Just over a year ago my wife and I were married in New York, and since then, we’ve moved to Ohio. She’s an American citizen and I’m not. Now that the Supreme Court has overturned DOMA, can I become a citizen? Does it matter that Ohio doesn’t recognize same-sex marriages?
—Married in OH
The Supreme Court’s decision in Windsor was a major win for our community because it overturned the Defense of Marriage Act (DOMA) and determined that the federal government cannot treat married same-sex couples any differently than other married couples. This means that, post-Windsor, an American citizen can petition on behalf of his or her same-sex spouse for immigration benefits.
Your spouse can immediately petition for your green card, which is conditioned on you staying married to each other. The green card application will require you and your spouse to provide, among other things, proof of the marriage, your spouse’s financial condition, and her ability to support you financially if you should fall on hard times. After you’ve been married for two years you can begin the process to apply for permanent resident status and eventually apply for citizenship.

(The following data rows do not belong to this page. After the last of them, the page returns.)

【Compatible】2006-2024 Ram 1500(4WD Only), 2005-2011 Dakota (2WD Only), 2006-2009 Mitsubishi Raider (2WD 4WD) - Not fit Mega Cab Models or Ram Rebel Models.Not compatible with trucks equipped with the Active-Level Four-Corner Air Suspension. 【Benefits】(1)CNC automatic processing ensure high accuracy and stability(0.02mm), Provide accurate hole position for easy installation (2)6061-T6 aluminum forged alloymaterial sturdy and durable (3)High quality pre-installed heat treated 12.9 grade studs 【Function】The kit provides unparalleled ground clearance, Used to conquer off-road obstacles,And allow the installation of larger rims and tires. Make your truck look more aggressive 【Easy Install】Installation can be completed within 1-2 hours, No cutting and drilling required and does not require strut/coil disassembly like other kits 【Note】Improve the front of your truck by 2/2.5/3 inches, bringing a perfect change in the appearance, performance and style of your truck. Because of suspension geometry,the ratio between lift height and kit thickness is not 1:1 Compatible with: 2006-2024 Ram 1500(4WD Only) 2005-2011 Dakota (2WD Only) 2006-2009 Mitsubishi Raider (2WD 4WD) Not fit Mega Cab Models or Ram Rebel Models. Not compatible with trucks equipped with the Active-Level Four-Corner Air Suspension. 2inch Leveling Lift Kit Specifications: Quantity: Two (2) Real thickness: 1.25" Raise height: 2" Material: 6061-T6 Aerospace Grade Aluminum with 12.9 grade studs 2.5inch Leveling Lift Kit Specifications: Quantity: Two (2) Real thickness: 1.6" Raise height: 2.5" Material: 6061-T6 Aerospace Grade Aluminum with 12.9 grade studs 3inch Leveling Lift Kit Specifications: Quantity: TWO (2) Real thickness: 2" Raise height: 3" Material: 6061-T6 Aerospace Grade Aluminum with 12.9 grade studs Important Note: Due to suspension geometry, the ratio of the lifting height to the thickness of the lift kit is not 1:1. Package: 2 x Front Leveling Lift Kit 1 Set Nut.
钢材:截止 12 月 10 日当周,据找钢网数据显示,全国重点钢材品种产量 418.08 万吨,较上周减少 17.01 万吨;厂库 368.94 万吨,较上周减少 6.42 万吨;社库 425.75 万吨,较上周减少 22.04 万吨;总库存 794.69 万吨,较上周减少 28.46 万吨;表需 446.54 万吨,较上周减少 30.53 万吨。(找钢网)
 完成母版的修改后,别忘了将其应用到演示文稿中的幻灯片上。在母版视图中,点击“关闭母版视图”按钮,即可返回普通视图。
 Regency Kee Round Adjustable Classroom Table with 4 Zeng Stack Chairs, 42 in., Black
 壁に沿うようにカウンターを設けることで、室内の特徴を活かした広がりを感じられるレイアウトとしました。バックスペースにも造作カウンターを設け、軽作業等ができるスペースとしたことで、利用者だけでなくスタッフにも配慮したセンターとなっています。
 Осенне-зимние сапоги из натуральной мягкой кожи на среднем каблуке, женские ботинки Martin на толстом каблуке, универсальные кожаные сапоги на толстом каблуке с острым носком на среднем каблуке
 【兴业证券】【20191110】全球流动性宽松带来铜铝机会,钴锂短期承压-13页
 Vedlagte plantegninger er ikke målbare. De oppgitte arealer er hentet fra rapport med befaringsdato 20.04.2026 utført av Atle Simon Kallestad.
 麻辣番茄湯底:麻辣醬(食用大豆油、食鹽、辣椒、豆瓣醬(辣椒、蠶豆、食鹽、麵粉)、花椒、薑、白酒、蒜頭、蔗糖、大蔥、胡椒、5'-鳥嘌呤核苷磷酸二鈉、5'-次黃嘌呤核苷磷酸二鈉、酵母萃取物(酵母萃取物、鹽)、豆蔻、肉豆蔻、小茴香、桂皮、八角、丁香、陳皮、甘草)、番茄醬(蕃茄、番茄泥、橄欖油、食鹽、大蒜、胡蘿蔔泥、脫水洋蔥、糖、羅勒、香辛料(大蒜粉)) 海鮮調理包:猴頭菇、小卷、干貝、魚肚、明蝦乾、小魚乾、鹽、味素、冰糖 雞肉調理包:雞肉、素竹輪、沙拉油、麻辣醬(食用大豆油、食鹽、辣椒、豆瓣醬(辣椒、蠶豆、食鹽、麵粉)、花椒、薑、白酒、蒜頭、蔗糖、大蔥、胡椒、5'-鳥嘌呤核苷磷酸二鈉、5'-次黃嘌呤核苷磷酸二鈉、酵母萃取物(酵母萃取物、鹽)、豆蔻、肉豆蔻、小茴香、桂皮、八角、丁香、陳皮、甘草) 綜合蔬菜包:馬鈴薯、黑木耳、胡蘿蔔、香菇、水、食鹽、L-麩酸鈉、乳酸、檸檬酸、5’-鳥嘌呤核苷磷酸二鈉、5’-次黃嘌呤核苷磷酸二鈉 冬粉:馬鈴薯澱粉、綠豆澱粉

As for living in a state without marriage equality, there is every indication that, for immigration purposes, the federal government will look to whether your marriage was legal in the “place of celebration” rather than where you live when you file the green card petition. So, even though you’re living in Ohio, you should still obtain immigration benefits from your spouse because you were married in New York, where there is marriage equality. This is particularly important for the people who live in states without access even to civil unions, as it should allow them to enjoy at least some of the benefits of a federally recognized marriage.
As with many immigration applications, a marriage-based petition requires very specific information, so it’s best to consult with an attorney with immigration experience to discuss your specific circumstances. All in all, this is an empowering act. Bravo for taking this important step.
Congratulations and good luck!
*This column is not a consultation with an attorney and should in no way be construed as such or as a substitute for such consultation. Anyone with legal issues or concerns should seek the advice of her own attorney.